Glenn Kurtz is the author of the Three Minutes in Poland: Discovering a Lost World in a 1938 Family Film (Farrar, Straus & Giroux 2014), which was named a “Best Book of 2014” by The New Yorker, The Boston Globe, and National Public Radio. The Los Angeles Times called the book “breathtaking,” and it has received high critical praise in The Wall Street Journal, The Washington Post, The San Francisco Chronicle, The Chicago Tribune, and many other publications. A Dutch translation appeared in 2015. A documentary film based on Three Minutes in Poland is in production. The 1938 home movie on which the book is based can be viewed at the website of the United States Holocaust Memorial Museum, Steven Spielberg Film and Video Archive. A brief video about one of the extraordinary discoveries in this story can be seen on the USHMM’s YouTube channel.

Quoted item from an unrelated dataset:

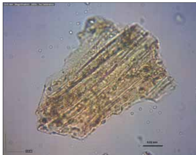
Sl. 5 i 6 Mikroskopski preparat s izdvojenim zrnima vulkanskog stakla iz sloja tefre veličine do 50 mikrona (DIV-2) – smeđa zrna s paralelnim crnim crtama Fig. 5 and 6 Microscopic sample with grains of volcanic glass from the tephra layer up to 50 microns big (DIV-2) brown grains with parallel black lines

nizacije, područje južno od Plana nije bušeno. Detaljno su opisani i uzorkovani profili (DIV-1 i DIV-2) aluvijalnih naslaga koji u sebi sadrže proslojke crvenih paleotala (debljine do 20 cm; sl. 3). Na profilu DIV-2 osim aluvijalnih (holocenskih naslaga) s klastima krednih vapnenaca i proslojcima crvenih paleotala, utvrđen je i isprekidan sloj starijih paleotala koja su razvijena na eocenskim flišnim naslagama. Ovaj sloj paleotala nije prisutan kontinuirano nego na većini pregledanih profila nedostaje i aluvijalne (holocenske?) naslage neposredno leže na naslagama fliša. Pri dnu izdanka s paleotlom razvijenim na flišu utvrđeno je postojanje izdužene leće tefre žuto-narančaste boje debljine do 8 cm i ukupne dužine od 4 m (sl. 4, 5 i 6).

Kurtz’s first book, Practicing: A Musician’s Return to Music, also received enthusiastic reviews from The New York Times, The Los Angeles Times, The Wall Street Journal, and elsewhere. Practicing was featured on NPR’s “Weekend Edition” with Scott Simon, “To the Best of our Knowledge,” and WNYC’s “The Leonard Lopate Show.” An Italian edition appeared in 2010, a Chinese edition has just been published, and a Korean edition is forthcoming.

Kurtz also hosts “Conversations on Practice,” a discussion series about the writing process and the writer’s life. Guests have included Martin Amis, Patti Smith, Jennifer Egan, Adam Gopnik, Francine Prose, Tom McCarthy, Dani Shapiro, Daniel Mendelsohn, among others.

His essays have appeared in The New York Times, Salon, Southwest Review, and he is a frequent lecturer at universities, museums, and other venues in the U.S. and Europe.

He is a graduate of Tufts University, the New England Conservatory of Music, and holds a PhD from Stanford University in comparative literature. He has taught at Stanford University, San Francisco State University, and New York University. He lives in New York City.